Can you explain the write vs panic_write difference? And "sample"
seems unusual here -- maybe "default"? Are there other handlers you
imagine that wouldn't want to use these sample handlers?

> +
> +       if (owner && !try_module_get(owner))
> +               return -EINVAL;
> +
> +       spin_lock(&cxt->bzinfo_lock);
> +       if (cxt->bzinfo) {
> +               pr_warn("blk '%s' already loaded: ignoring '%s'\n",
> +                               cxt->bzinfo->name, info->name);
> +               spin_unlock(&cxt->bzinfo_lock);
> +               return -EBUSY;
> +       }
> +       cxt->bzinfo = info;
> +       spin_unlock(&cxt->bzinfo_lock);
> +
> +       if (blkz_cut_zones(cxt)) {
> +               pr_err("cut zones fialed\n");
> +               goto fail_out;
> +       }
> +
> +       cxt->pstore.bufsize = cxt->dbzs[0]->buffer_size -
> +                       sizeof(struct blkz_dmesg_header);
> +       cxt->pstore.buf = kzalloc(cxt->pstore.bufsize, GFP_KERNEL);
> +       if (!cxt->pstore.buf) {
> +               pr_err("cannot allocate pstore crash dump buffer\n");
> +               err = -ENOMEM;
> +               goto fail_out;
> +       }
> +       cxt->pstore.data = cxt;
> +       cxt->pstore.flags = PSTORE_FLAGS_DMESG;
> +
> +       err = pstore_register(&cxt->pstore);
> +       if (err) {
> +               pr_err("registering with pstore failed\n");
> +               goto free_pstore_buf;
> +       }
> +
> +       pr_info("Registered %s as blkzone backend for %s%s\n", info->name,
> +                       cxt->dbzs && cxt->bzinfo->dump_oops ? "Oops " : "",
> +                       cxt->dbzs && cxt->bzinfo->panic_write ? "Panic " : "");
> +

So if panic_write isn't registered, panics will be dropped?

> +       module_put(owner);
> +       return 0;
> +
> +free_pstore_buf:
> +       kfree(cxt->pstore.buf);
> +fail_out:
> +       spin_lock(&blkz_cxt.bzinfo_lock);
> +       blkz_cxt.bzinfo = NULL;
> +       spin_unlock(&blkz_cxt.bzinfo_lock);
> +       return err;
> +}
> +EXPORT_SYMBOL_GPL(blkz_register);
> +
> +void blkz_unregister(struct blkz_info *info)
> +{
> +       struct blkoops_context *cxt = &blkz_cxt;
> +
> +       pstore_unregister(&cxt->pstore);
> +       kfree(cxt->pstore.buf);
> +       cxt->pstore.bufsize = 0;
> +
> +       spin_lock(&cxt->bzinfo_lock);
> +       blkz_cxt.bzinfo = NULL;
> +       spin_unlock(&cxt->bzinfo_lock);
> +
> +       blkz_free_zones(&cxt->dbzs, &cxt->dmesg_max_cnt);
> +
> +}
> +EXPORT_SYMBOL_GPL(blkz_unregister);
> +
> +MODULE_LICENSE("GPL");
> +MODULE_AUTHOR("liaoweixiong <liaoweixiong@...winnertech.com>");
> +MODULE_DESCRIPTION("Block device Oops/Panic logger");
> diff --git a/include/linux/pstore_blk.h b/include/linux/pstore_blk.h
> new file mode 100644
> index 0000000..426cae4
> --- /dev/null
> +++ b/include/linux/pstore_blk.h

Is there any reason for this file to live in include/linux?
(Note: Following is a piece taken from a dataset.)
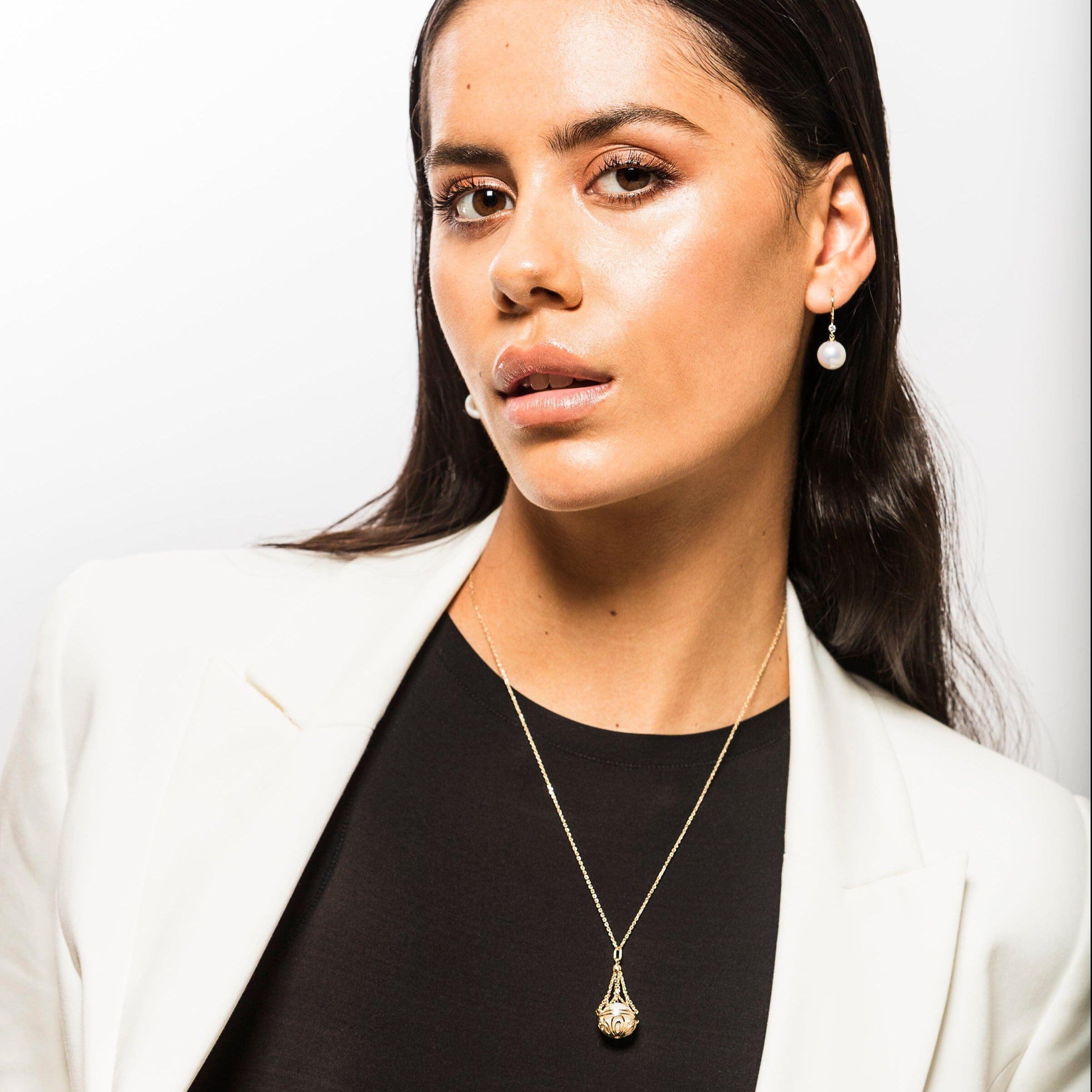 Intricately designed by Erica, this exquisite and refined pearl necklace features a diamond-encased basket. Set in 9ct Gold, it showcases your preference for either a white Round Edison or South Sea Pearl, with the option to switch to pearls of different colours. This stunning necklace offers versatility with three adjustable lengths of 50cm, 60cm, and 70cm, allowing you to wear it according to your preference.

I think it
can just be in fs/pstore/ as blkzone.h or something?

> @@ -0,0 +1,61 @@
> +/* SPDX-License-Identifier: GPL-2.0 */
> +
> +#ifndef __PSTORE_BLK_H_
> +#define __PSTORE_BLK_H_
> +
> +#include <linux/types.h>
> +#include <linux/blkdev.h>
> +
> +#ifndef SECTOR_SIZE
> +#define SECTOR_SIZE 512
> +#endif
> +
> +/**
> + * struct blkz_info - backend blkzone driver structure
> + *
> + * @owner:
> + *     module which is responsible for this backend driver
> + * @name:
> + *     name of the backend driver
> + * @part_path:
> + *     path of a storage partition. It's ok to keep it as NULL
> + *     if you passing @read and @write in blkz_info. @part_path
> + *     is needed by stoz_simple_read/write. If both of @part_path,

stoz -> blkz ?

> + *     @read and @write are NULL, it will temporarity hold the data
> + *     in buffer allocated by 'vmalloc'.
> + * @part_size:
> + *     total size of a storage partition in bytes. The partition
> + *     will be used to save data of pstore.
> + * @dmesg_size:
> + *     the size of each zones for dmesg (oops & panic).
> + * @dump_oops:
> + *     dump oops and panic log or only panic.
> + * @read:
> + *     the normal (not panic) read operation. If NULL, replaced as
> + *     stoz_sample_read. See also @part_path
> + * @write:
> + *     the normal (not panic) write operation. If NULL, replaced as
> + *     stoz_sample_write. See also @part_path

Both as above?

> + * @panic_read:
> + *     the read operation only used for panic.
> + * @panic_write:
> + *     the write operation only used for panic.
> + */
> +struct blkz_info {
> +       struct module *owner;
> +       const char *name;
> +
> +       const char *part_path;
> +       unsigned long part_size;
> +       unsigned long dmesg_size;
> +       int dump_oops;
> +       ssize_t (*read)(char *buf, size_t bytes, loff_t pos);
> +       ssize_t (*write)(const char *buf, size_t bytes, loff_t pos);
> +       ssize_t (*panic_read)(char *buf, size_t bytes, loff_t pos);
> +       ssize_t (*panic_write)(const char *buf, size_t bytes, loff_t pos);
> +};
> +
> +extern int blkz_register(struct blkz_info *info);
> +extern void blkz_unregister(struct blkz_info *info);
> +
> +#endif
> --
> 1.9.1
>

Slowly making my way through the series... :)

-- 
Kees Cook